On January 20, 2021, during the presidential inauguration of Joe Biden, Jennifer Lopez performed some verses of the song as part of a medley with America the Beautiful. She excluded verses critical of the United States and interposed a Spanish-language translation of a portion of the Pledge of Allegiance.

Variations
As is the case with many well-known songs, it has been the subject of an enormous number of variations and parodies. They include:

Versions about other countries
Many variants of the song have been recorded with lyrics adjusted to fit diverse countries, regions, languages, and ethnic groups. They include:

Other variations 

The song has been recorded by many performers over the years, ranging from American Country legend Glen Campbell, hardcore band Hated Youth, all the way to Turkish performer Nuri Sesigüzel to reggae group The Melodians.
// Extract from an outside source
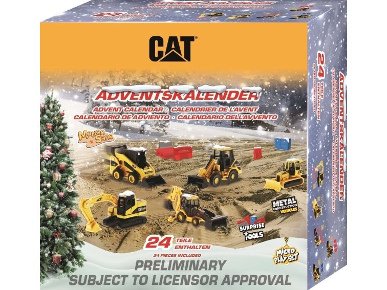 Forventningens glæde ved byggepladser-fans giver netop børn store udfordringer. Med Cat mikro julekalenderen går tiden hurtigt og hver dag til et højdepunkt, da denne kalender indeholder alle byggepladskøretøjer, der sørger for lysende øjne for de små og store fans. Fem forskellige byggepladskøretøjer i et kendt Cat-design med en længde på 4,9 til 6,6 cm er adskalenderens højdepunkt. For at det ikke skal blive kedeligt mellem forskellige steder, medfølger der en masse tilbehør til at spille eller designe sin egen byggeplads derhjemme: Tilbehør og skilte, Cat mærkat Cat mærkat, nøglering og den kendte Motion sand, som ikke klæber på hænderne, sørger for legeglæde.

A few other notable recordings are by:
Peter, Paul and Mary – for their album Moving (1963)
Bing Crosby – for the album America, I Hear You Singing (1964)
The Seekers – in the album A World of Our Own (1965)
Connie Francis – included in her album Connie Francis and The Kids Next Door (1966)
Tennessee Ernie Ford – recorded for his album America the Beautiful (1970)
 David Carradine - in the soundtrack album of Bound for Glory, Woody Guthrie's biopic directed by Hal Ashby (1976)
 Greg & Steve - on their album, Holidays & Special Times (1989).
Sharon Jones & the Dap-Kings – in the album Naturally (2005).
Johnny Logan – on the album, Irishman in America (2008).
 Raffi – on his album, Love Bug (2014).

A version called "This badge is your badge", about FC United of Manchester, was written by fan Mickey O'Farrell, and is often sung by fans at the club's matches.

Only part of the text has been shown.